Work order — The reply should reproduce every line of the data below word for word, minus any images.

Dataset extract —
== Segment start ==

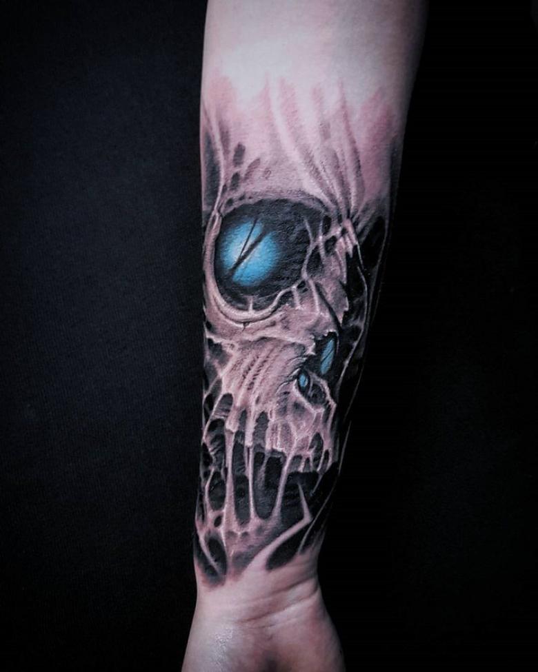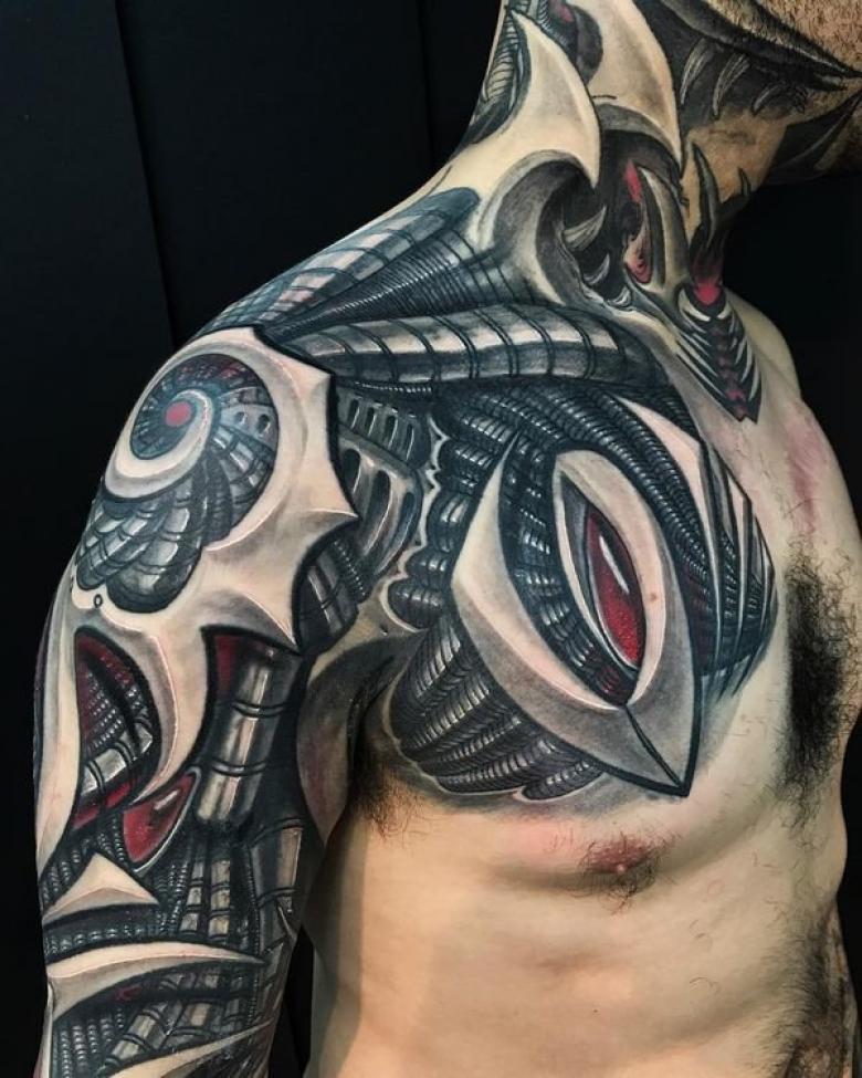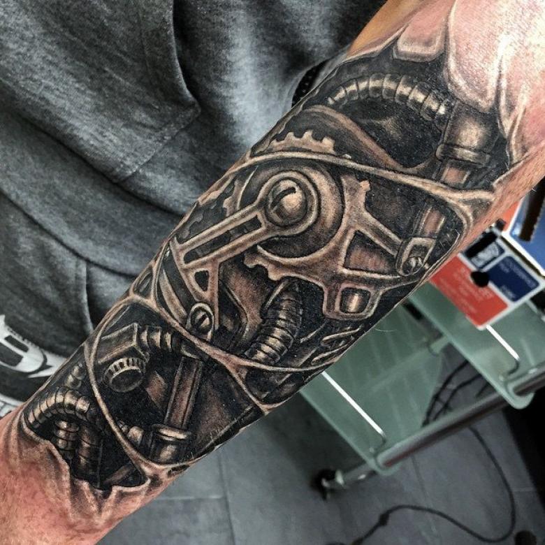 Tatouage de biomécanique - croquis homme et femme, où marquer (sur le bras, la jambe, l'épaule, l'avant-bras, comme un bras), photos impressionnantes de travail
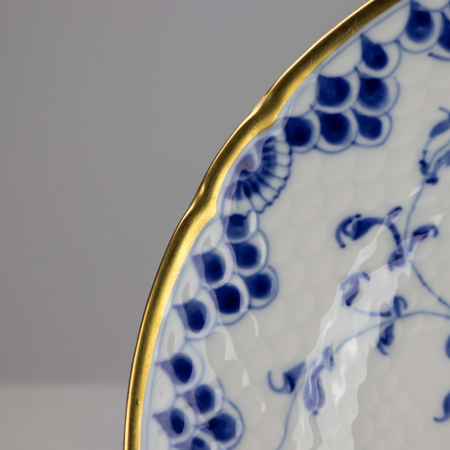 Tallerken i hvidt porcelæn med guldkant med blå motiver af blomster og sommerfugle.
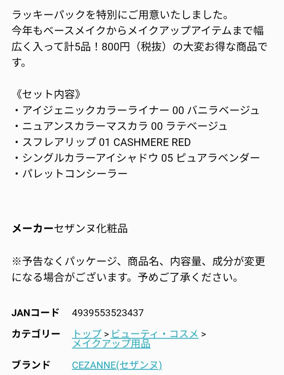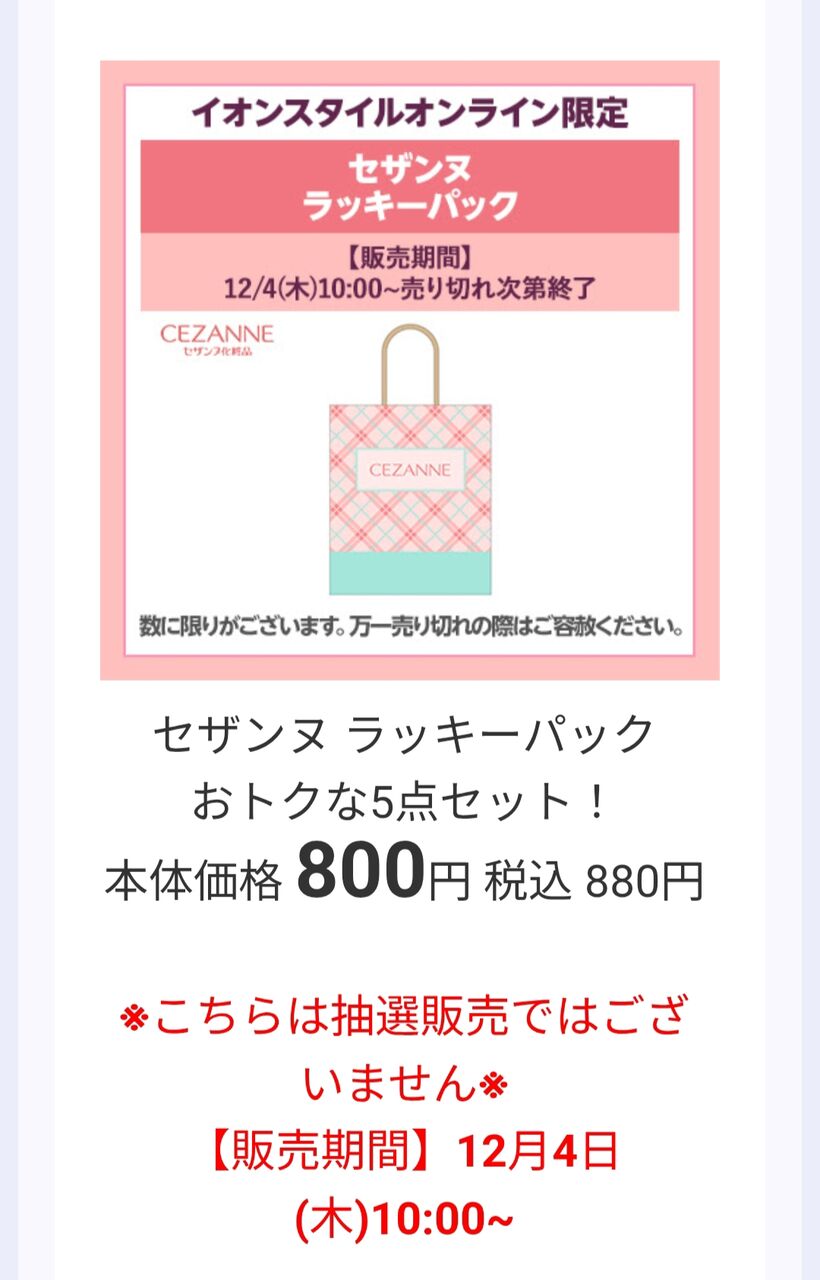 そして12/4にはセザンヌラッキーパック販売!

== Segment end ==

Output below —
 Tatouage de biomécanique - croquis homme et femme, où marquer (sur le bras, la jambe, l'épaule, l'avant-bras, comme un bras), photos impressionnantes de travail
 Tallerken i hvidt porcelæn med guldkant med blå motiver af blomster og sommerfugle.
 そして12/4にはセザンヌラッキーパック販売!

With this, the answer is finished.